しかし、ローンの契約者が複数の場合や土地や建物の名義が共有の場合は、万が一返済が滞った時、共有者の承諾がないと物件を売却してお金を回収することができません。そのため、ローンや土地、建物の共有者を連帯保証人とすることを求められることがあるのです。

また、自営業者や勤続年数が短く今後安定的な収入があるかどうかわからない場合など、“年収に対する返済比率が高い”と審査が厳しくなり、連帯保証人を求められるケースもあるようです。ただし、年金収入のみの親や専業主婦(主夫)の配偶者などは、返済力がないため連帯保証人として認められないこともあります。

連帯保証人については個別の事情や金融機関の考え方により求められるケースが異なります。心配な場合は複数の金融機関に相談して納得したうえで借りましょう。

連帯保証人を求められる代表的な事例は?

ここからは、連帯保証人を求められる代表的な事例を考えてみます。

ケース1:【親の敷地に二世帯住宅を建てる場合】

親名義の土地に二世帯住宅を建てる場合、建物の持ち分や親の資金調達が現金か住宅ローンかによって、連帯保証人の有無が変わってきます。

たとえば、建物の資金が100%子どもの住宅ローンであれば、建物の持ち分は100%子どもとなり一般的に連帯保証人を求められることはありません。親は土地のみを提供する担保提供者となります。

また、建物の持ち分が共有でも親は現金で資金を出す場合、連帯保証人となるケースはほとんどありません。ただし、万が一返済が滞った時には自宅を売却する可能性があるため、ローンの契約上、親は建物の持ち分についても担保提供者となります。

ところが、建物が共有名義でしかも親子で住宅ローンを組む場合は互いに連帯保証人となるのが一般的です。親子ペアローンでは互いに連帯保証人となります。

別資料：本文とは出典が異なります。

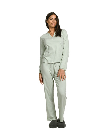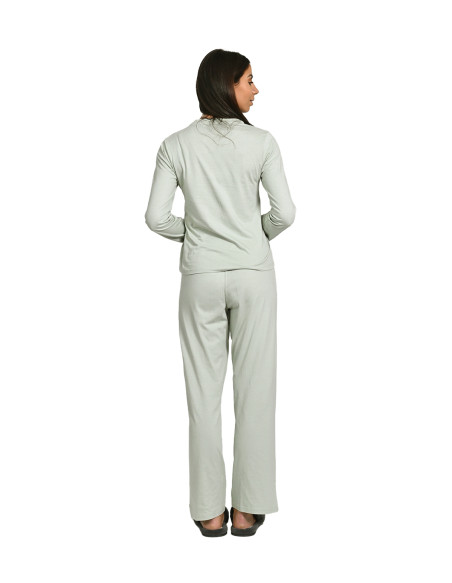 L'ensemble tee shirt à manches longues avec pantalon uni EDEN est à trouver en couleur noir ou sauge pour une composition en maille 52% coton et 48% viscose. La viscose est une fibre naturelle extraite du bois, qui donne plus de douceur et de fraîcheur au pyjama. Le pantalon dispose d'une taille en élastique avec un cordon pour le serrage ce qui le rend confortable à porter tout en restant léger.
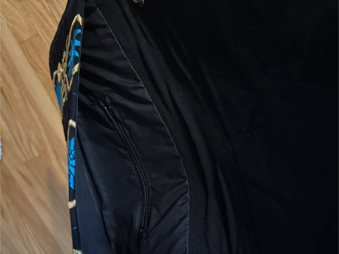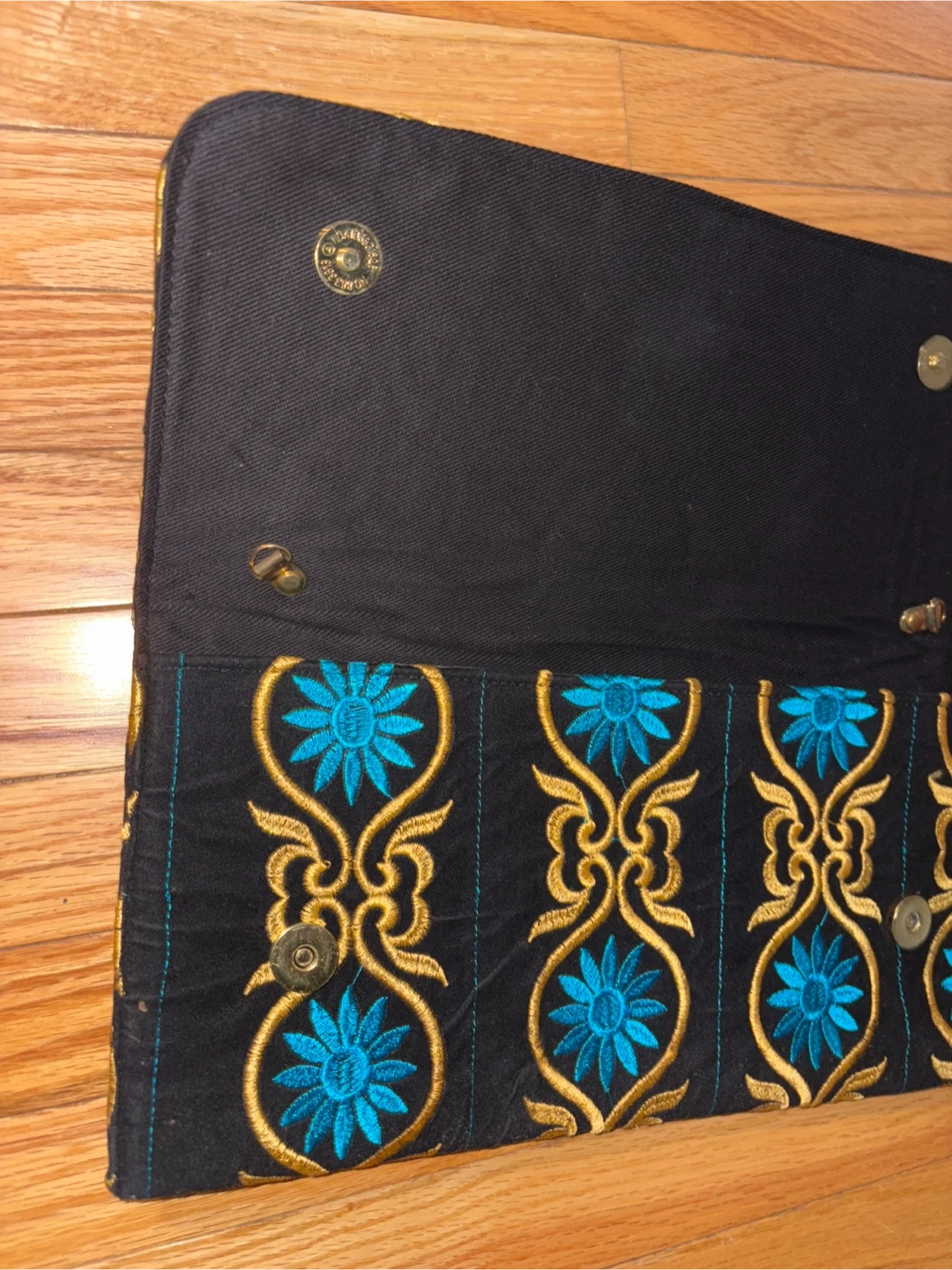 Black clutch purse with vibrant blue and gold floral embroidery. It has a zippered pocket inside and a magnetic snap closure. A stylish accessory for any occasion!

また、親子リレーローン、【フラット35】の親子リレー返済の場合は、親子で連帯債務者となります。

ケース2:【夫婦でローンを組む場合】

夫婦で住宅ローンを組む時は、独立したローンを1本ずつ借りる「夫婦ペアローン」、二人の収入を合算して1本のローンを借りる「収入合算」、1本のローンを二人で借りる「連帯債務」と、3つの方法に大きく分けられます。

「ペアローン」はお互いに独立したローンの契約者となり、相互に連帯保証人となります。

「収入合算者」は主たる債務者の収入では返済が厳しいとき、妻、または夫の収入をプラスして審査をしてもらいます。この場合ローンの名義は一人ですので、土地や建物の持ち分も一人ということになります。しかし、収入合算者は連帯保証人として返済義務を負うことになります。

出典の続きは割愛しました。